The steampunk/dieselpunk tale The Wars of Other Men comes out on DVD this month. We talked with Scott Norman, who plays the film’s nameless main character, about the life of an actor, being a black geek/nerd and “steaselpunk” (TM Scott Norman).
How did you get into acting?
Scott: In general, I always liked acting out stories, since I was small. I used to do puppet shows for my younger siblings, and at school. Plays at school and skits at my church’s youth group. I danced professionally for a while in my mid-teens (Modern dance), then sort of dropped performing completely when I left home for college.
I didn’t think much about it again until I was teaching in Japan after college. My students loved my hammy lessons, and always told me I should be on TV. When I came back home to the states, I was a little lost about what to do next, so I took a personality quiz that said I should be a teacher or an actor. I had just finished the teaching thing and wanted to try something new, so I started taking acting classes.
Then I reconnected with a girl from my past who lived in Michigan, and after several months of courting, she convinced me to come to Detroit by telling me there was plenty of theatre here. It was probably the best move I could have made for my acting career because there was a lot fewer people to compete with for roles than there were at home in New York City, so I was able to get on stage a lot sooner than I would have at home.
Tell me about The Wars of Other Men.
Scott: TWOOM (as we like to call it affectionately) is a short independent film created by my friend, Mike Zawacki. Mike and I had worked together on another independent film project called In Zer0 a few years earlier and always wanted to work with each other again. TWOOM is a war drama about a lieutenant who takes his small squad of men on a very difficult mission and has an even more difficult decision to make. It takes place during a made up war in a made up time and has some nice steampunk/dieselpunk aspects to it.

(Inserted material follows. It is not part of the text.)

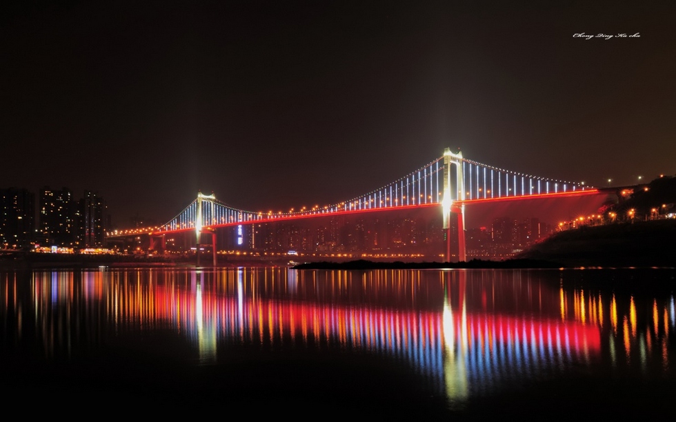 晚上,长长的鹅公岩大桥就变成了一道亮丽的风景线,桥上闪烁着五颜六色的霓虹灯,向人们展示着夜晚的别样风采。在桥上欣赏长江两岸,真是山水如画啊!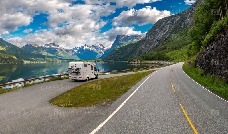 Семейный отдых путешествия RV, каникулы в автодоме, Караван автомобиля Отпуск

Were you already into steampunk/dieselpunk before TWOOM?
Scott: I’m embarrassed to say that I had no idea what the heck Mike was talking about when he told me he wanted to take the film around to the “steampunk and dieselpunk communities.” I had to look those words up, but once I did, they were very familiar to me. I’ve always liked the aesthetics and genres, but never knew they had cool punk-y names.
If you weren’t into steampunk/dieselpunk before filming, what was your understanding of it and how has that changed after making the film?
Scott: Once we started taking the film around to the various cons in the Midwest, I got a much better sense of what it was, and a sincere interest in it. I just wish I had the talent to make my own costume! I feel quite welcome in the community, but a little intimidated to experiment. I’ve got ideas and a few friends who promise to help me. 🙂
Do you consider TWOOM steampunk or dieselpunk?
Scott: Ahh… The perennial question! The answer is: YES! Everyone describes this film using the forward slash, as “steampunk/dieselpunk,” and I think that’s accurate. TWOOM probably takes place during a time between the two technologies — at the end of the steampunk era, where diesel technology has begun to take hold in society. Maybe we should call it “steaselpunk”? (If that term is a first, can I get credit if it takes off?)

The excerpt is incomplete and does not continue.